Message boards : Number crunching : Task 88762 not making progress, aborted

Message board moderation

To post messages, you must log in.
AuthorMessage
rhb

Send message
Joined: 29 Jun 12
Posts: 4
Credit: 612,808
RAC: 0
Message 331 - Posted: 24 Oct 2012, 20:08:02 UTC
Task 88762 was sleeping and not using any cpu time after using about 3 hours cpu. I looked at it with system monitor, and it had no open files and no memory map. Perhaps it got stuck as it was about ready to exit.

I will suspend the project for now, in case the others I have queued are similar. Let me know if some tasks are known to be bad, or if there is anything I can do to help in solving the problem.

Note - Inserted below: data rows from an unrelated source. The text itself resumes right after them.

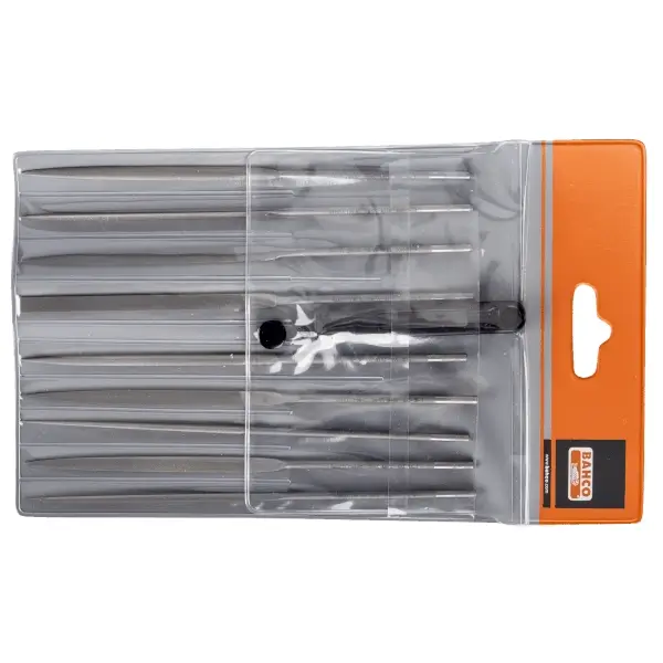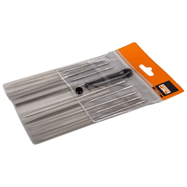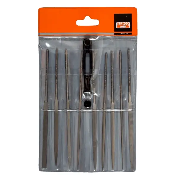针锉套装,双刃型(次刃),用于精细锉削和抛光作业,总长160毫米,含9件及1个手柄,配塑料收纳袋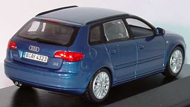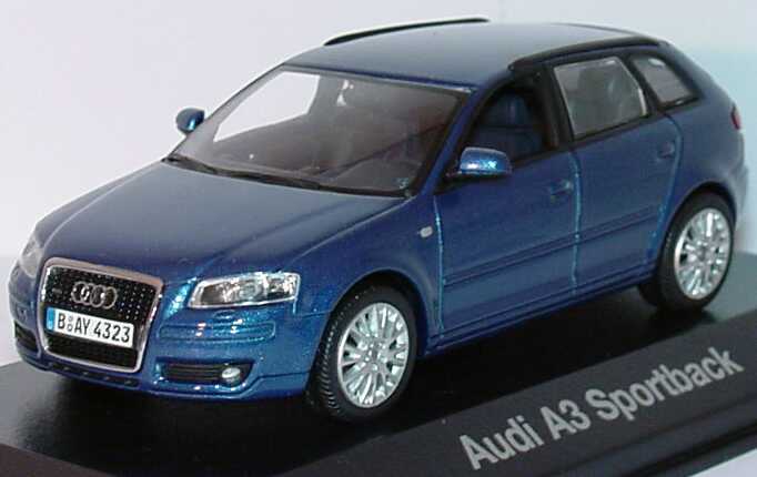 Minichamps-Modellauto, M 1:43, Audi A3 Sportback mauritiusblaumet. (Audi-Werbemodell)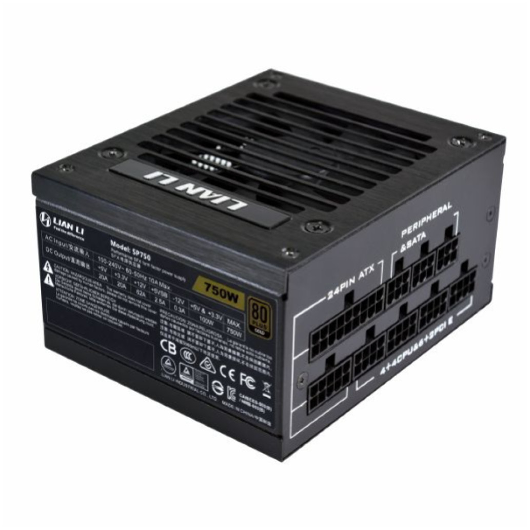 Lian Li SP750. Skupna moč: 750 W, AC vhodna napetost: 100 – 240 V, AC vhodna frekvenca: 50/60 Hz Vtič za matično ploščo: 20-polni ATX, dolžina napajalnega kabla matične plošče: 30 cm, dolžina napajalnega kabla SATA: 120 mm. Namen: osebni računalnik, napajalna enota (PSU) Faktor oblike: SFX, certifikat 80 Plus: 80 PLUS Gold. Barva izdelka: Črna. Širina: 63,5 mm Globina: 100 mm Višina: 125 mm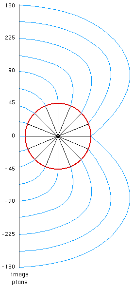 Some raytracing packages don't support a native fisheye camera, the question is often asked "can a spherical mirror be used to create a fisheye view?". The basic idea is to render the view of the scene by pointing the virtual camera at a perfectly reflective spherical surface. The answer is "the result is close but not exactly correct". Three rendering are shown below, the scene is simply a hemisphere represented as a regular grid of lines of latitude and longitude.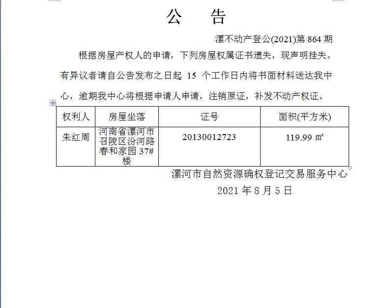 漯不动产登公(2021)第864期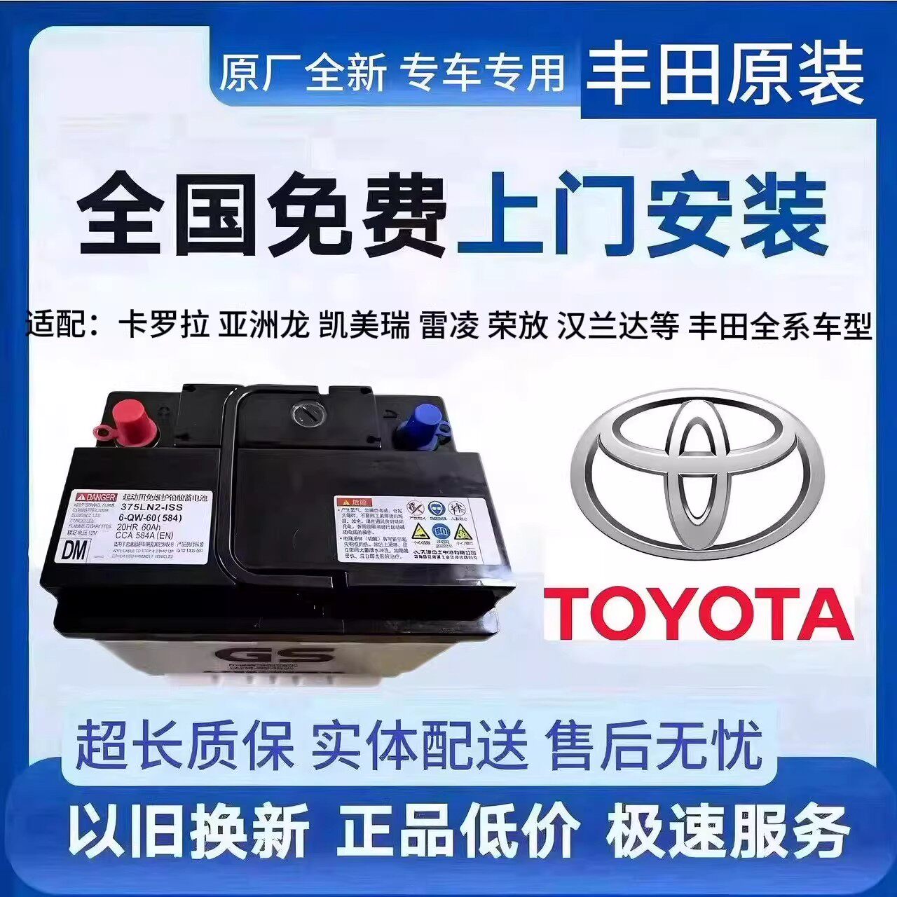 丰田原装蓄电池适配卡罗拉亚洲龙凯美瑞汉兰达荣放雷凌等全系车型

If it appears to be just my system, I will try the others and see what happens.

Name	ps_121018_9005_232_0
Workunit	36604
Created	18 Oct 2012 | 5:16:13 UTC
Sent	21 Oct 2012 | 6:01:13 UTC
Received	24 Oct 2012 | 19:50:31 UTC
Server state	Over
Outcome	Computation error
Client state	Aborted by user
Exit status	203 (0xcb) Unknown error number
Computer ID	362
Report deadline	31 Oct 2012 | 18:01:13 UTC
Run time	63,090.56
CPU time	10,696.53
Validate state	Invalid
Credit	0.00
Application version	Period Search Application v101.00 

Stderr output
<core_client_version>7.0.27</core_client_version>
<![CDATA[
<message>
aborted by user
</message>
<stderr_txt>
15:49:49 (17224): No heartbeat from core client for 30 sec - exiting

</stderr_txt>
]]>
ID: 331 · Rating: 0 · rate: Rate + / Rate - Report as offensive     Reply Quote
jujube

Send message
Joined: 5 Sep 12
Posts: 30
Credit: 24,320
RAC: 0
Message 333 - Posted: 24 Oct 2012, 22:49:01 UTC - in response to Message 331.  

Last modified: 24 Oct 2012, 22:58:30 UTC
<stderr_txt>
15:49:49 (17224): No heartbeat from core client for 30 sec - exiting

</stderr_txt>
]]>[/code]


Perhaps it was a problem with the client rather than the project application. Apparently there is only 1 "no heartbeat from core client" message in the stderr output but I wonder if there are many more such messages in client_state.xml prior to 15:49:49? Remember the app uses UTC whereas the client uses local time. If there is then that might explain why the application was doing nothing. IIRC, most science apps will tolerate 100 no heartbeats at which point they'll exit with an error, no guarantee this project's app behaves the same way and there is no guarantee it sits idle between attempts to detect a client heartbeat. Hmmm. Actually now that I think about it I would say the application sent the client the "end task" signal but didn't get a heartbeat or response so it sat through 100 or more no heartbeat cycles (the long dormant time you noticed) then you killed it. Yes, that would explain why no memory map, open files, etc. It doesn't explain why there was no heartbeat from the client but we don't want to solve a good mystery all at once.
ID: 333 · Rating: 0 · rate: Rate + / Rate - Report as offensive     Reply Quote
rhb

Send message
Joined: 29 Jun 12
Posts: 4
Credit: 612,808
RAC: 0
Message 334 - Posted: 25 Oct 2012, 3:39:43 UTC
I'm quite certain the task was in the process of finishing up, as you suggest. I would have thought the client would send an abort request to the task, but all we see is the no heartbeat. The no heartbeat message occured less than a minute before the task was reported (4pm edt, 8pm utc). I suggest either the client terminates tasks by failing to send a heartbeat, or (more likely?) the task failed to get the request to abort, but was aware immediately that no heartbeat was present. It is also possible that the client sent a signal, which the task caught but reported the no heartbeat instead. If so, the no heartbeat might have persisted for a long time as you suggest.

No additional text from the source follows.